Identification of ATG16L1 and IRGM1 as Crohns Disease Susceptibility Genes

The genetic loci for both ATG16L1 and IRGM1 were linked to Crohn's disease by genome-wide association studies in which genetic variations between Crohn's disease patients and controls were analyzed using gene chips containing ~10,000

known single nucleotide polymorphisms (SNPs) across the human genome (The Wellcome Trust Case Control Consortium 2007; Rioux et al. 2007; Hampe et al. 2007; Parkes et al. 2007; McCarroll et al. 2008; Barrett et al. 2008). For ATG16L1, the genetic linkage is stronger for patients that primarily have ileal disease, which is not necessarily true for the other susceptibility loci. This genetic linkage is attributed to a single SNP (rs2241880) that leads to a threonine to alanine amino acid substitution in a region of the Atg16L1 protein without a known function. The rs2241880 SNP is very common and can be found in as many as 50% of healthy individuals depending on the population examined (The Wellcome Trust Case Control Consortium 2007; Rioux et al. 2007; Hampe et al. 2007). Homozygosity for the risk allele of ATG16L1 alone confers a twofold increase in risk of ileal Crohn's disease, while homozygosity for the risk allele of ATG16L1, NOD2, and a third susceptibility locus, IBD5, can confer a combined 20-fold increase in risk for Crohn's disease in the same population examined (Prescott et al. 2007). This finding exemplifies the intricate interplay between the various susceptibility loci, and indicates that future studies need to examine how these genes relate to each other in their function, especially in the context of the intestine. Notwithstanding these genetic factors, the environment clearly contributes to Crohn's disease (Jess et al. 2005).
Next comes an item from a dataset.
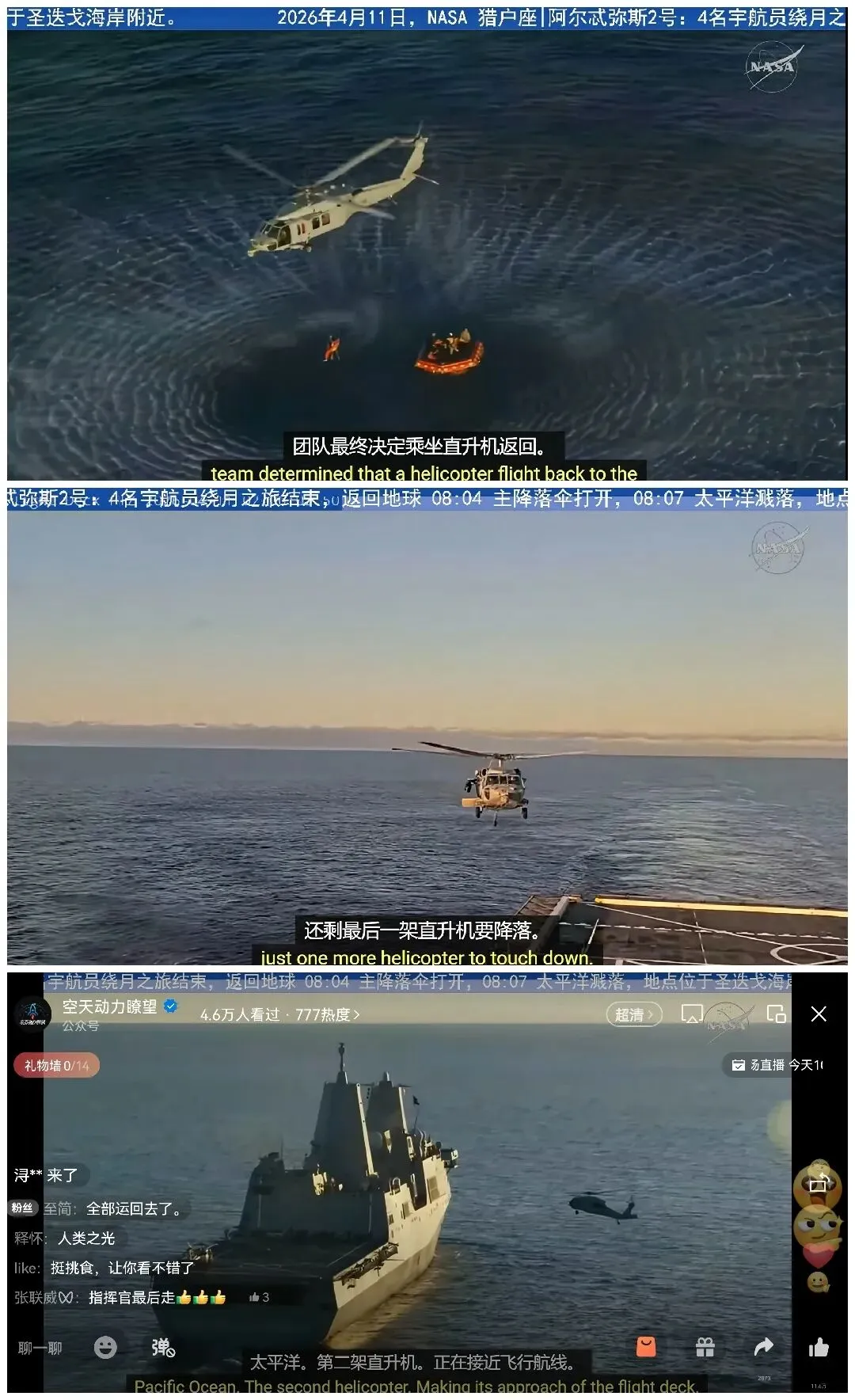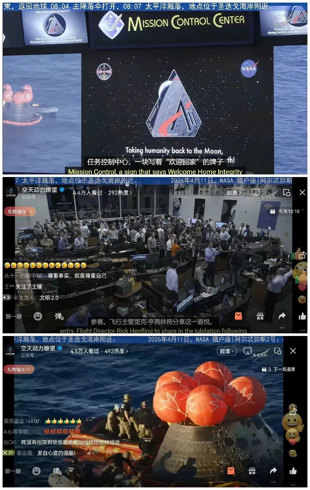 能开直播的公众号主播大部分应该都是航天发烧友,大概率得先申请架设合法且租金不便宜的VPN专线才能让大家观看NASA这次精彩的Artemis II载人绕月飞船返回直播的,在此给“空天动力瞭望”、“SpaceX星舰”等民间航天发烧友公众号点个大大的赞先👍

In contrast to ATG16L1, the association between IRGM1 and Crohn's disease is attributed to several noncoding SNPs (The Wellcome Trust Case Control Consortium 2007; Parkes et al. 2007) associated with a 20 kb deletion 2.7 kb upstream of the IRGM1 transcriptional start site (McCarroll et al. 2008). Significantly different levels of IRGM1 transcripts can be detected when comparing cells with sequence variations at this locus, indicating that the deleted sequence has a role in transcriptional regulation (McCarroll et al. 2008). However, whether the deletion leads to an increase or a decrease in transcription is highly dependent on the cell line analyzed, underlying the importance of studies with primary cells to complement these foun-dational genetic studies. It is worth mentioning that, unlike the ATG16L1 polymorphism which is strictly associated with Crohn's disease (Fisher et al. 2008), the IRGM1 deletion shows increased frequency in both patients with Crohn's disease and ulcerative colitis (McCarroll et al. 2008), a pathologically distinct form of inflammatory bowel disease. In the North American population that was studied, 10% of healthy individuals carried this particular polymorphism of the IRGM1 locus compared to 15% and 14% of patients with Crohn's disease and ulcerative colitis, respectively (McCarroll et al. 2008). It will be interesting to see if the combination of the ATG16L1 and IRGM1 risk alleles act synergistically and confer a greater risk than one locus alone. Given that more than 30 loci have been linked to Crohn's disease susceptibility (Barrett et al. 2008), it will be essential to determine which loci act via a role in autophagy or other IRGM1 or ATG16L1 -dependent processes.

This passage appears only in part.